Mechanistic insights into the specificity of human cytosolic sulfotransferase 2A1 (hSULT2A1) for hydroxylated polychlorinated biphenyls through the use of fluoro-tagged probes

Abstract

Determining the relationships between the structures of substrates and inhibitors and their interactions with drug-metabolizing enzymes is of prime importance in predicting the toxic potential of new and legacy xenobiotics. Traditionally, quantitative structure activity relationship (QSAR) studies are performed with many distinct compounds. Based on the chemical properties of the tested compounds, complex relationships can be established so that models can be developed to predict toxicity of novel compounds. In this study, the use of fluorinated analogues as supplemental QSAR compounds was investigated. Substituting fluorine induces changes in electronic and steric properties of the substrate without substantially changing the chemical backbone of the substrate. In vitro assays were performed using purified human cytosolic sulfotransferase hSULT2A1 as a model enzyme. A mono-hydroxylated polychlorinated biphenyl (4-OH PCB 14) and its four possible mono-fluoro analogues were used as test compounds. Remarkable similarities were found between this approach and previously published QSAR studies for hSULT2A1. Both studies implicate the importance of dipole moment and dihedral angle as being important to PCB structure in respect to being substrates for hSULT2A1. We conclude that mono-fluorinated analogues of a target substrate can be a useful tool to study the structure activity relationships for enzyme specificity.

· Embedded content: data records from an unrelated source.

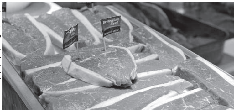
ドイツのコンサルティンゲ会社ローランド・バーガーの分析によると、東南アジア12カ国の食肉消費は、2018年に世界の食肉需要の

8%に相当する3億5680万トンに記録して、2023年までに年率2.6%増加する見込みだ。この伸び率は、年率平均1.13%増を見込む世界の食肉消費の伸び率を上回る。ブラジルは、現時点でこの市場に積極的にかかわっているわけではないが、その将来は非常に有望だ。ブラジルの肉類輸出事業者協会(ABIEC)のデータによると、ブラ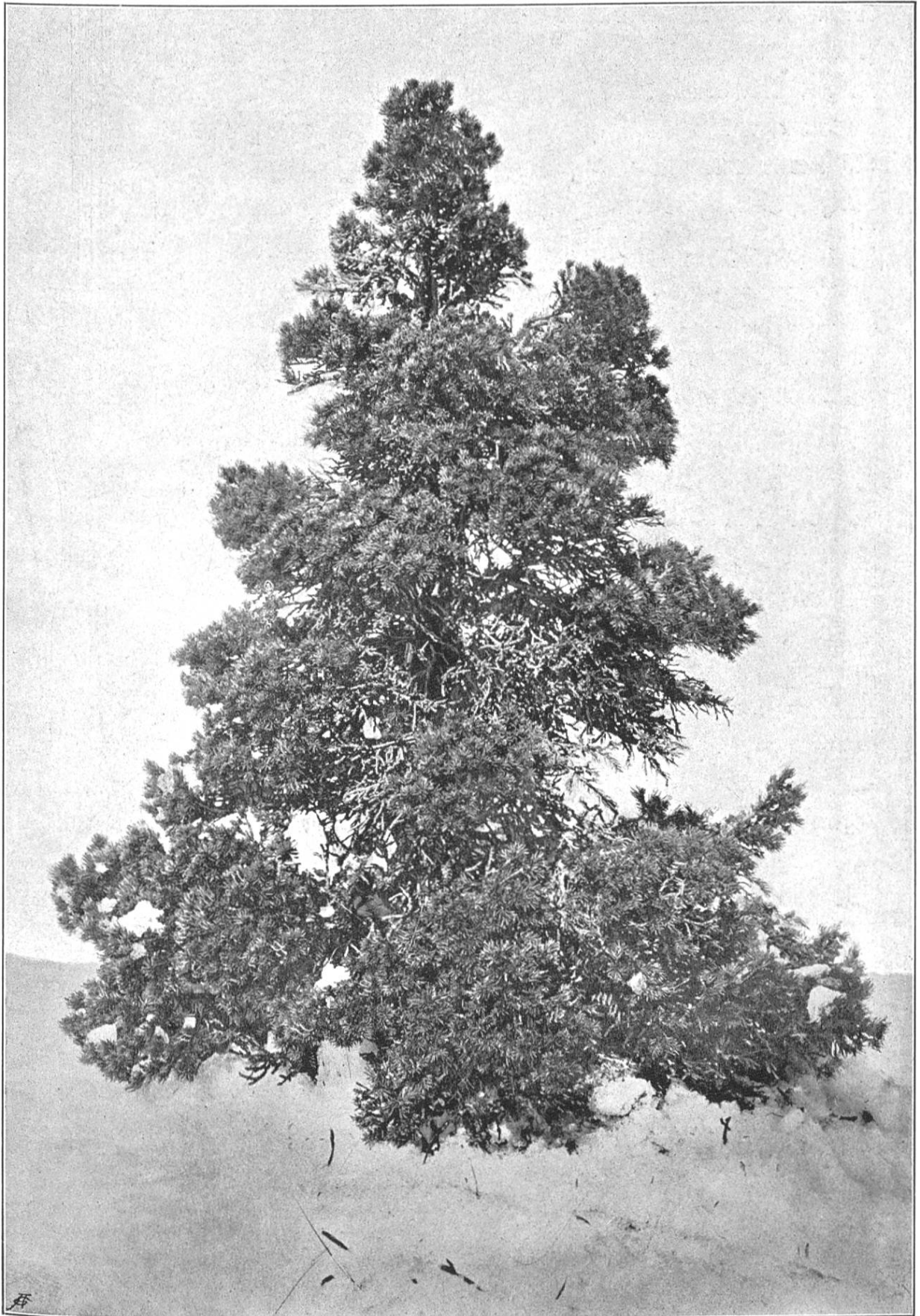
Epicéa nain de Vaulion.

( Lusus nana Carrière, sublusus brevis Schröter.)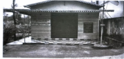
PHOTO OF PROPOSED POLLING BOOTH.

Handwritten signature വിദ്യാർത്ഥി സഹായക കമ്മിറ്റി പാലക്കാട്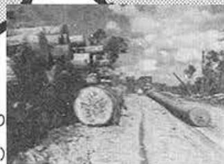
熱帯雨林から伐り出された巨大な原木 (マレーシア)

Keywords: 4-Hydroxy-3,5-dichlorobiphenyl; Computational chemistry; F-tagged probes; Hydroxylated polychlorinated biphenyls; Polychlorinated biphenyls; QSAR; Sulfotransferase; hSULT2A1.

Fig 1. Sulfation of 4-OHPCB 14 and its fluorinated analogues by purified recombinant hSULT2A1

Assays were conducted at pH 7.0 with 200 μM PAPS as described in methods section. Data points are the means ± standard error of duplicate reactions, and curves represent the fit of the data to a substrate inhibition equation (v = V_max/(1+ (K_m/[S])+[S]/K_i)), where S is substrate concentration, v is the initial velocity, K_m is the Michaelis constant, K_i is the substrate inhibition constant and V_max is the maximal velocity

Fig 2. A strong correlation between K_i and V_max with dipole moment is observed in 4-OH PCB 14 and its 4 fluorinated analogues

A: Visual demonstration of the correlation between the dipole moment of the four fluorinated 4-OH PCB 14 analogues and the parent 4-OH PCB 14 with their respective K_i (substrate inhibition constant) and V_max (maximal velocity) parameters. B: Visual demonstration of the correlation between the dihedral angle of the four fluorinated 4-OH PCB 14 analogues and the parent 4-OH PCB 14 with their respective Kcat/Km parameters.

Fig 3. Summary of correlation findings

A positive correlation was observed between V_max and dipole moment, while a negative correlation was observed between K_i and dipole moment. Other chemical parameters calculated for these substrates did not have significant correlations with kinetic constants for the enzyme-catalyzed reaction.